For each interval in Set1, finds nearest (least distant) interval in Set2. Intervals on different chromsomes are never considered 'near' to each other. The returned value is a data.frame with the number of rows equal to the number of intervals in Set1. Each row specifies the distance to the nearest interval in Set2 (a 0 means that the interval overlaps one or more intervals in Set2), and the indices of near and overlapping intervals in Set2. See Intervals_full for further details.

width

Returns the interval length as the number of bp covered (base interval) or spanned(inter-base interval). Similar to the IRanges package width

function.

Note

A Genome_intervals is a "Intervals_full" of type Z (i.e. a set of intervals over the integers).
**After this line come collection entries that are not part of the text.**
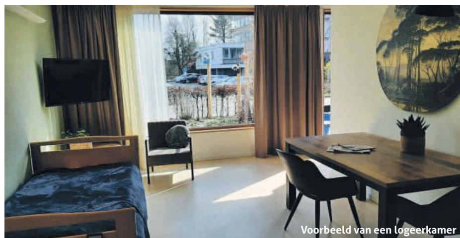
Voorbeeld van een logeerkamer

Er kunnen verschillende redenen zijn waarom u de zorg voor uw naaste tijdelijk moet overdragen. Misschien omdat u ziek bent of op vakantie wilt. Om uit te rusten, andere mensen te zien of andere dingen te doen dan zorgen. Dat kan echter alleen als u de zorg op een verantwoorde manier kunt overdragen.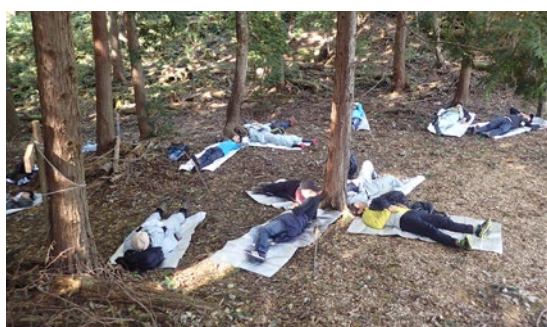
森林セラピー体験【兵庫県立森林大学校】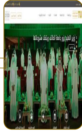
١- الدخول لموقع جامعة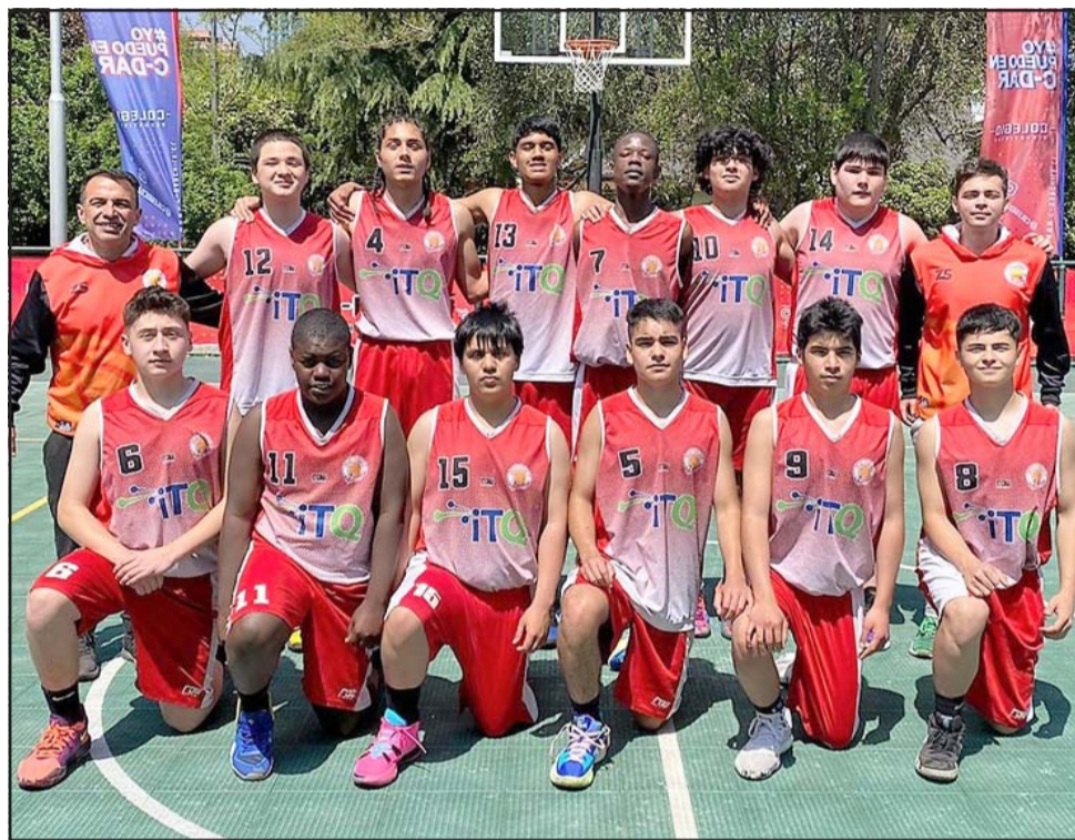
Tres equipos de San Felipe Basket y uno del Árabe serán parte de un evento cestero muy importante en la capital.

Grupo C: Universidad Católica, Alma Azul, Estudiante de Santiago, Alemán de Concepción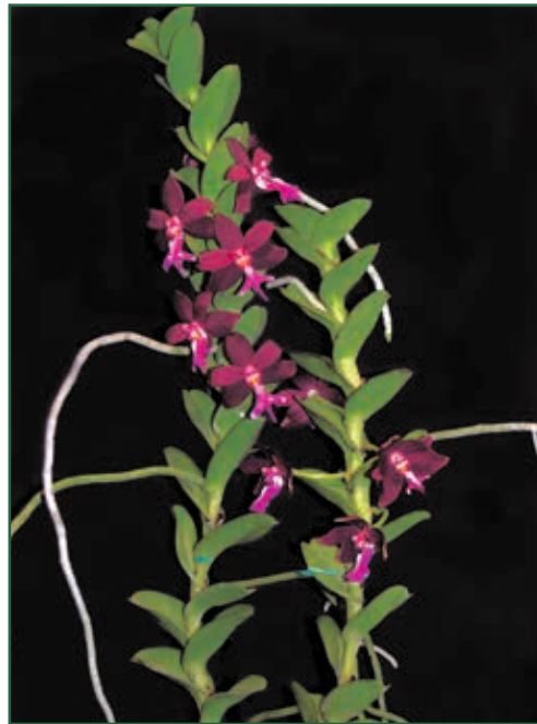
Ein anderer Klon von Trichoglottis philippinense var. brachiata (syn. atropurpurea )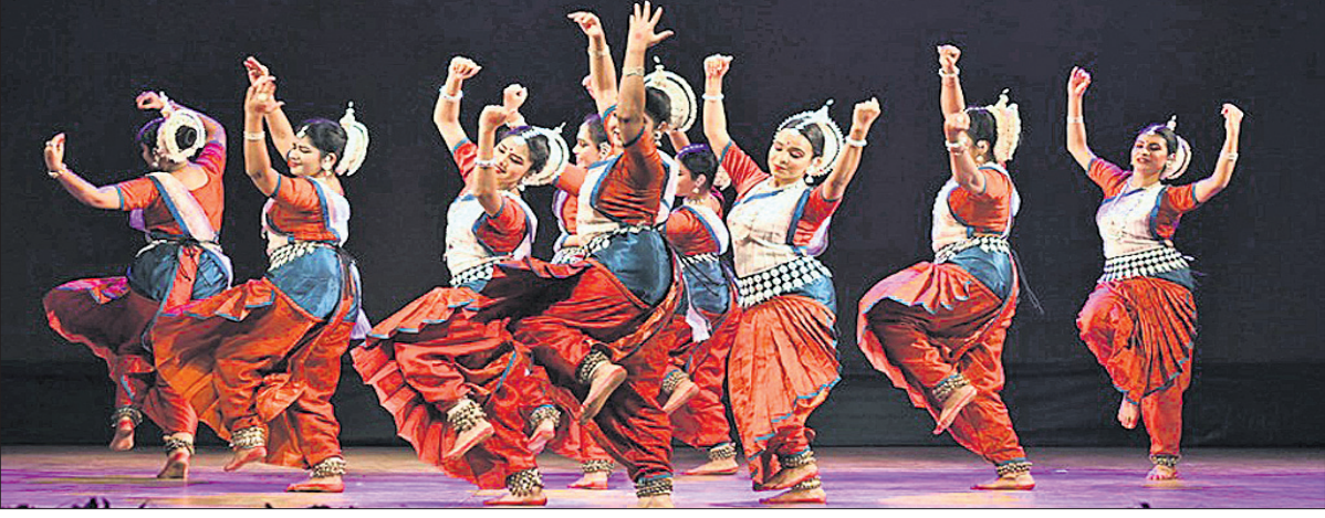
ଭୁବନେଶ୍ୱର ରମାନ୍ତନପଣରେ ଚାଲିଥିବା ଅନ୍ତର୍ଜାତୀୟ ଓଡ଼ିଶୀ ନୃତ୍ୟ ଉତ୍ସବର ଶୁକ୍ରବାର ଚତୁର୍ଥ ସନ୍ଧ୍ୟାରେ ଶିଳ୍ପୀମାନେ ନୃତ୍ୟ ପରିବେଷଣ କରୁଛନ୍ତି।

The annotation slot can carry further columns that can serve as annotations.

See Also

Genome_intervals_stranded for a derived class that allows stranded genomic intervals.

Examples

# The "Genome_intervals" class

i <- new(
	 "Genome_intervals",
	 matrix(
	 	c(1,2,
	 	  3,5,
	 	  4,6,
	 	  8,9
	 	  ),
	 	byrow = TRUE,
                ncol = 2
	 ),
	 closed = matrix(
	 			c(
	 				TRUE, FALSE,
	 				TRUE, FALSE,
	 				TRUE, TRUE,
	 				TRUE, FALSE
	 			 ),
	 			byrow = TRUE,
     			ncol = 2
     			),
	 annotation = data.frame(
	 				seq_name = factor(c("chr01","chr01", "chr02","chr02")),
	 				inter_base = c(FALSE, FALSE, TRUE, TRUE)
	 				)
	 )

colnames(i) <- c( "start", "end" )

# print
print(i)

# size (number of bases per interval)
size(i)

## convert to a data.frame
as(i,"data.frame")

## simpler way to construct a Genome_intervals object:
G <- GenomeIntervals(start=c(1,3,4,5,10,8), end=c(5,5,6,8,11,9),
                     chromosome=rep(c("chr2","chrX","chr1"), each=2),
                     leftOpen=rep(c(FALSE, FALSE, TRUE), 2))
show(G)

Ordering methods for Genome intervals

Description

An order is defined on genome intervals and stranded genome intervals to allow sort(), order() and rank().

Usage

## S4 method for signature 'Genome_intervals'
order(..., na.last=TRUE, decreasing=FALSE)
## S4 method for signature 'Genome_intervals_stranded'
order(..., na.last=TRUE, decreasing=FALSE)

## S4 method for signature 'Genome_intervals'
sort(x, decreasing=FALSE, ...)

## S4 method for signature 'Genome_intervals'
rank(x, na.last=TRUE, ties.method=c("average", "first", "last", "random", "max", "min"), ...)
## S4 method for signature 'Genome_intervals'
xtfrm(x)

Arguments

x

Objects of class Genome_intervals or Genome_intervals_stranded.

...

Objects of class Genome_intervals, Genome_intervals_stranded or of any other class for order.

na.last

Ignored for ordering Genome_intervals and Genome_intervals_stranded objects

decreasing

TRUE or FALSE.

ties.method

A character string specifying how ties are treated. Only "first" is supported.

Details

An order on Genome_intervals entries is defined by sorting by 1. seqnames 2. start, where closed start & not inter-base < closed start & inter-base < open start & not inter-base < open start & inter-base 3. stop, where open stop & not inter-base < open stop & inter-base < closed stop & not inter-base < closed stop & inter-base 4. strand (for Genome_intervals_stranded object)

The factors seqnames and strand are sorted according to their levels (default R behavior).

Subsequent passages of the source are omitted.